Li, Z., & Rödelsperger, C. (submitted). Did Caenorhabditis nematodes recycle transposons to fight pathogens?


Cite as: https://hdl.handle.net/21.11116/0000-000A-61FA-F
Abstract
Animal genomes consist largely of sequences derived from transposons which were previously considered as junk DNA and active transposons can even be deleterious for organismal fitness. Nevertheless, the huge pool of transposon-derived sequences also forms the raw material for molecular innovations. Here, we follow up on the incidental finding of a transposon-derived DNA binding domain in a subset of F-box genes in Caenorhabditis elegans. Based on phylogenetic analysis, we show that a single gene fusion followed by individual losses explains most members of this novel gene family. Phylogenomic data of available Caenorhabditis genomes allowed us to trace this fusion event to the ancestor of the Elegans group. Additional homology searches suggest endogenous Mariner transposons as the likely source of the coopted sequence.
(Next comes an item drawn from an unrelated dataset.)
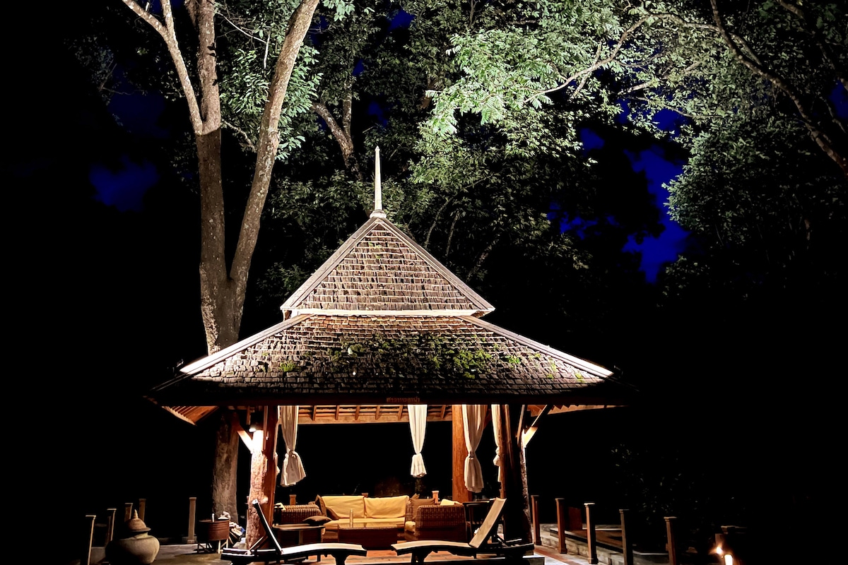 Nuostabi ir erdvi privati kalnų vila, pastatyta iš auksinio tikmedžio, esanti apdovanojimus pelniusios ekologiškos kavos ir arbatos plantacijos viduryje, pilnai įrengta su moderniais patogumais, išsaugant tradicinius Tailando architektūros stilius. Svečiai galės naudotis pagrindiniu liukso numeriu, svetaine ir lauko paviljonu. Įskaičiuoti pusryčiai. Mėgaukitės atpalaiduojančia diena mūsų DoiMek viloje, tyrinėkite netoliese esančius pėsčiųjų takus su nuostabiais vaizdais arba tyrinėkite kalvų genties kultūras netoliese esančiuose kaimuose.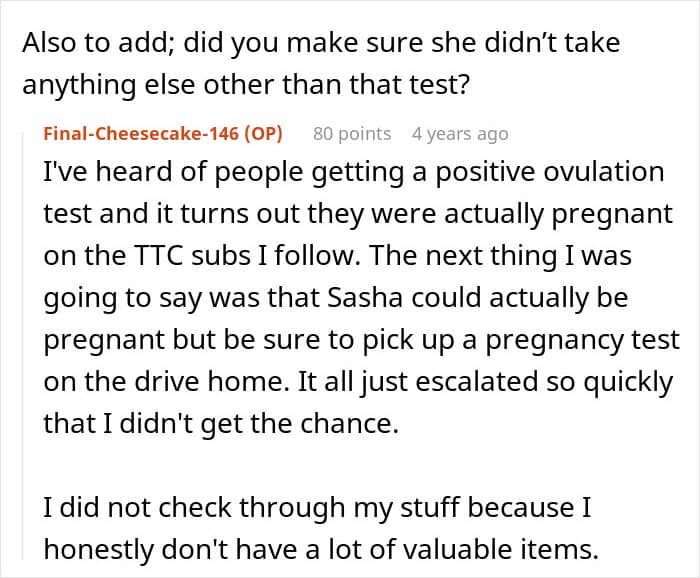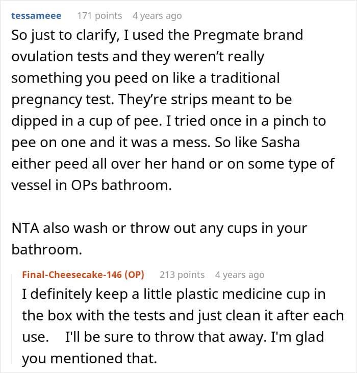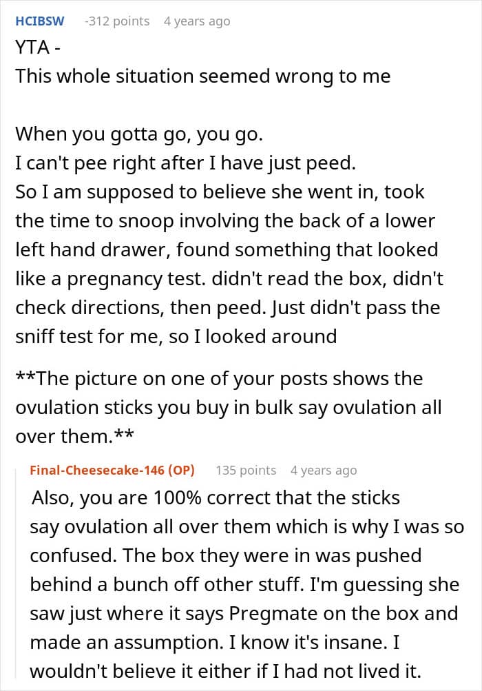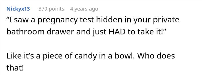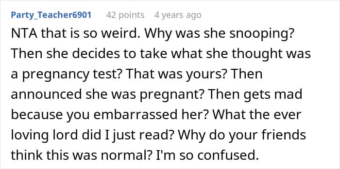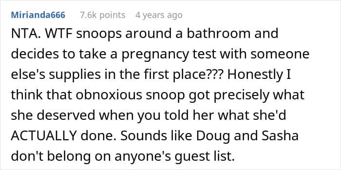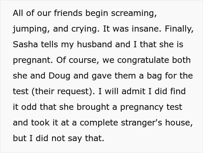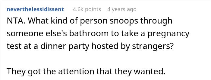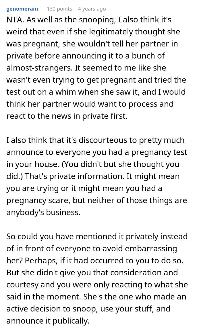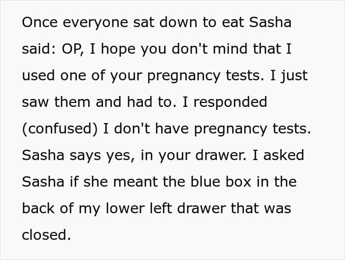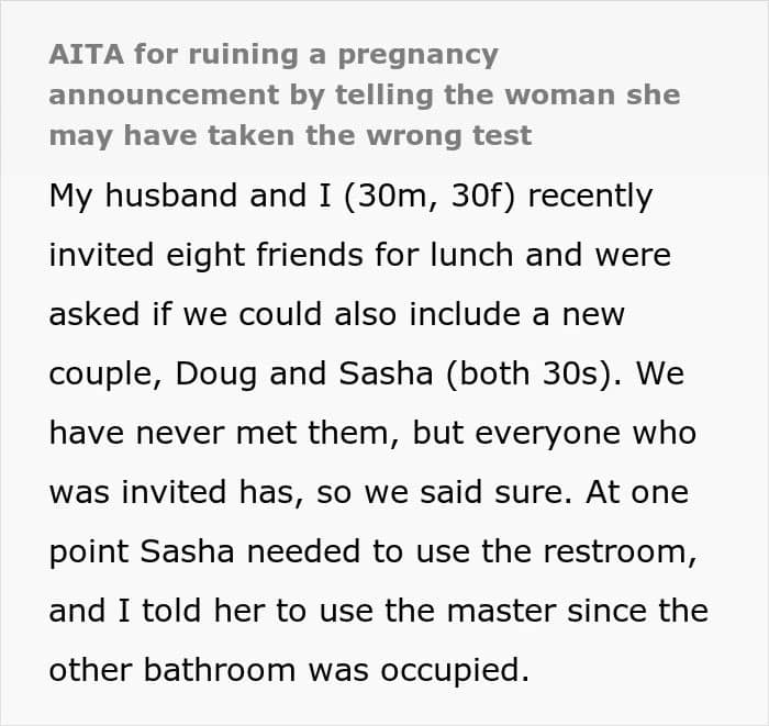 But one Redditor was taken aback when, during the lunch party she threw, a guest she hardly knew emotionally revealed she was expecting. The woman explained she’d just taken a test she found in the host’s bathroom drawer.

Further bioinformatic characterization of different F-box families by Gene Ontology analysis, gene module comparisons, and literature research identified first evidence that some F-box genes might be involved in innate immunity, as it had been proposed previously based on adaptive signatures of molecular evolution. Specifically, the F-box gene fbxa-158 contains one of the transposon-derived domains and was shown to interact with the components of the intracellular pathogen response machinery targeting Microsporidia and viruses. Thus, cooption of transposon-derived sequences likely contributed to the adaptive evolution of the F-box superfamily in Caenorhabditis nematodes. Significance statement When considering transposons as genomic junk or selfish elements that are detrimental for organismal fitness, we often neglect the potential of transposon-derived sequences as a source of molecular innovation. Here, we characterize a case where a transposon-derived sequence has been coopted by one of the largest and fastest evolving gene superfamilies in Caenorhabditis nematodes which include the model organism C. elegans. The resulting chimeric gene family has been stably maintained for about 20 million years and bioinformatic analysis reveals first evidence for potential functions in innate immunity. Thus, strong evolutionary pressure might have forced Caenorhabditis nematodes to recycle transposons in order to fight pathogens.